In a large mixing bowl thoroughly mix together all the meatball ingredients. Form the mixture into meatballs about 1-inch in diameter (you should end up with about 25 meatballs). Place meatballs on a lightly oiled rimmed baking sheet and bake in the preheated oven for 12 minutes.
THE SAUCE:
Bring a large pot of water to a boil over medium-high heat. Rinse the tomatoes and remove any stems. Place the tomatoes in the boiling water and cook for 10 minutes.
Using a slotted spoon transfer the tomatoes from the boiling water (keep the water on the stove boiling for the pasta) to an ice bath and let sit for 5 minutes. Take the tomatoes out of the ice bath and gently remove and discard the skins. Roughly chop the tomatoes and set aside.

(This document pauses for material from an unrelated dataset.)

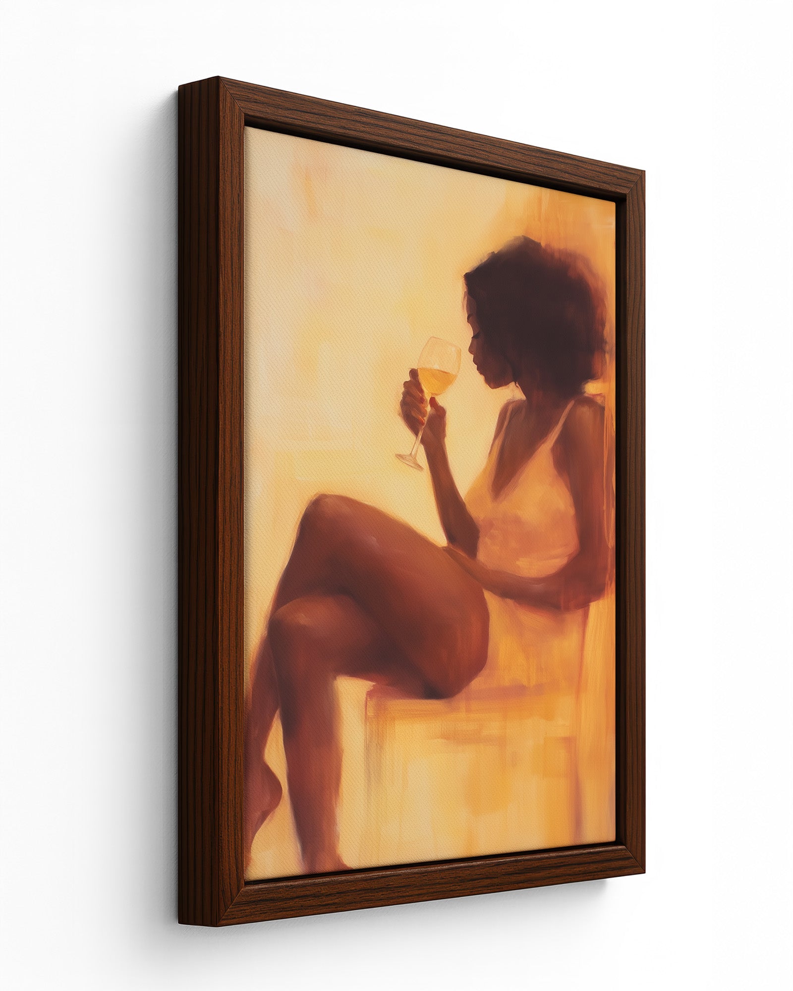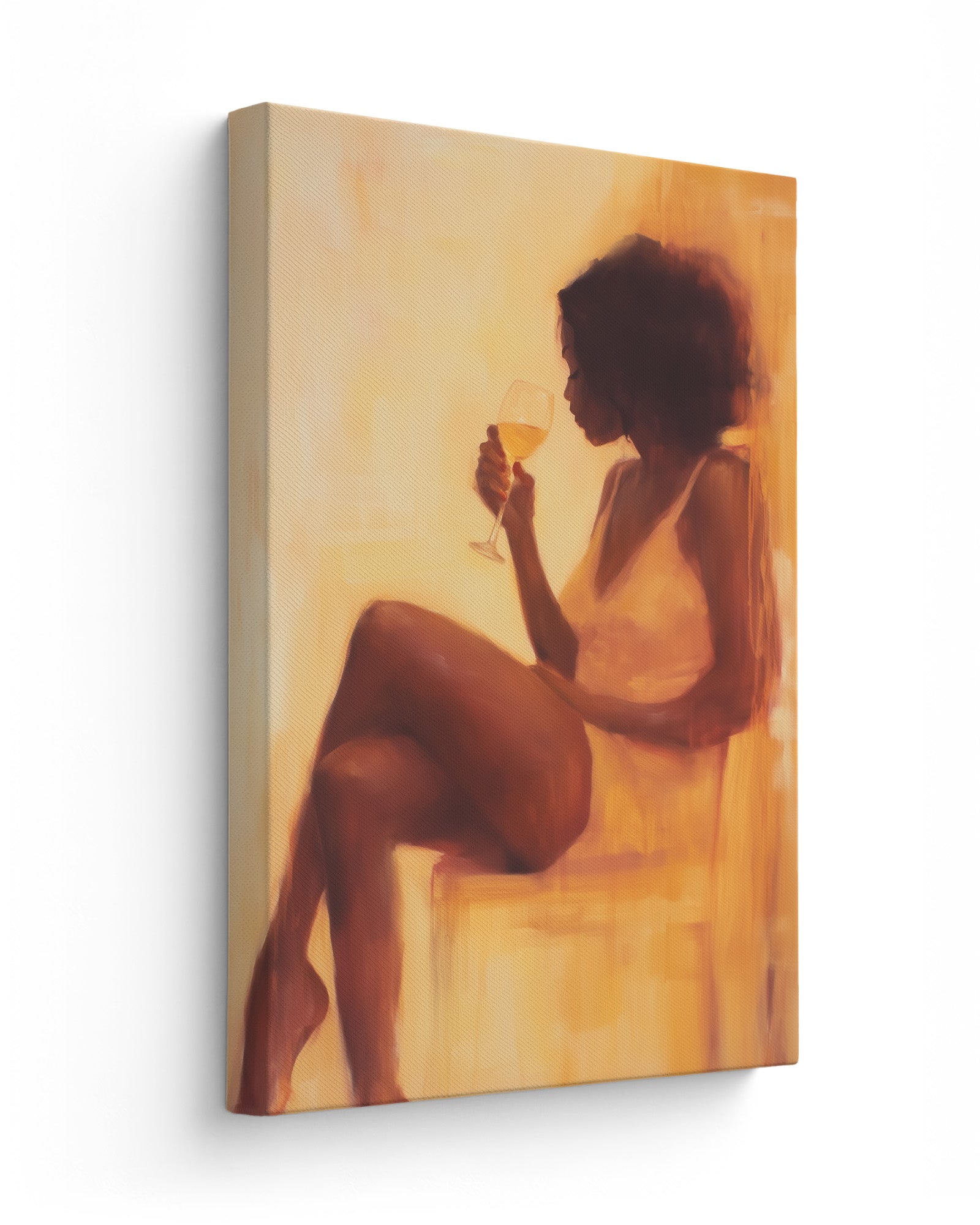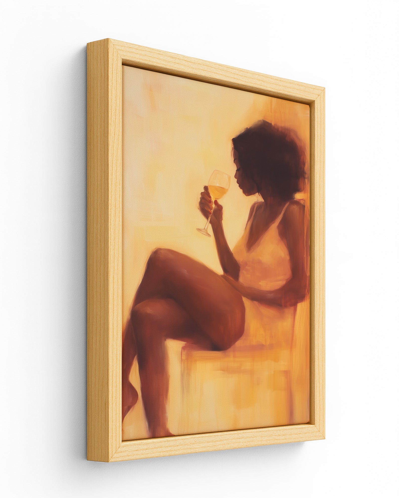 Bask in the warmth of quiet luxury with The Golden Sip, a soft and soulful oil-style artwork that captures the tranquil ritual of reflection. Painted in flowing amber hues and rich golden light, this piece portrays a woman in peaceful solitude, savouring a glass of wine in a moment of meditative calm.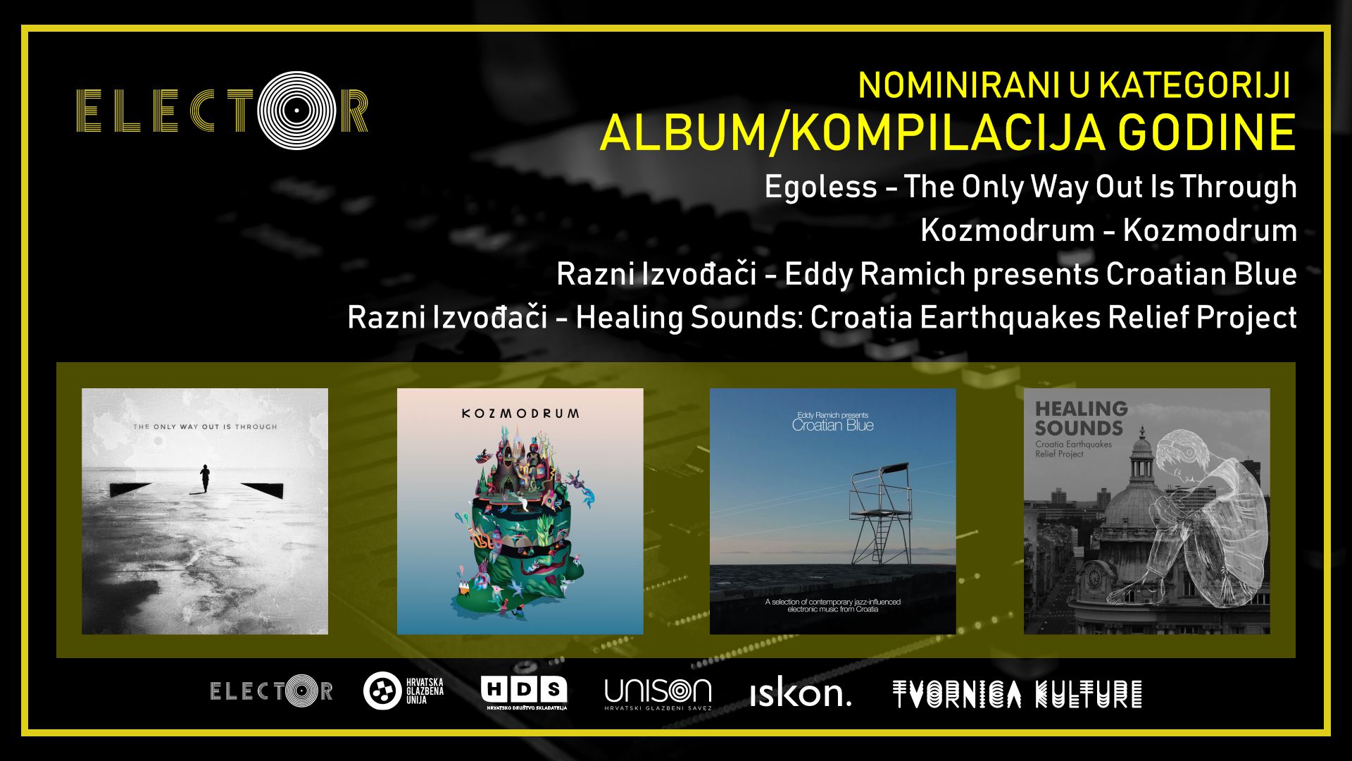 Na prvoj nezavisnoj glazbenoj novinarskoj nagradi za elektroničku glazbu Elector žiri sastavljen od 20 novinara eminentnih domaćih medija koji prate elektroničku glazbenu scenu u dva je kruga izglasao četiri izdanja koja će na prvoj dodjeli Electora u Tvornici kulture 3. veljače odmjeriti snage u kategoriji Albuma / Kompilacije godine.

Add the tomatoes, garlic cloves, and onion to a blender or food processor and pulse until smooth. Heat the oil in a saucepan over medium heat. Add the tomato mixture to the pan and cook, stirring occasionally, for about 5 minutes. Stir in the basil and salt then reduce heat to medium-low and stir in the meatballs. Partially cover the pan and simmer, gently stirring occasionally, while you cook your pasta.
THE PASTA AND FINISHING UP:
Add the pasta to the boiling water and cook your pasta just shy of al dente (firm to the bite). Drain pasta and transfer to a large serving bowl.
Pour the sauce and meatballs over the pasta and gently toss to combine. Serve pasta with freshly grated Parmesan.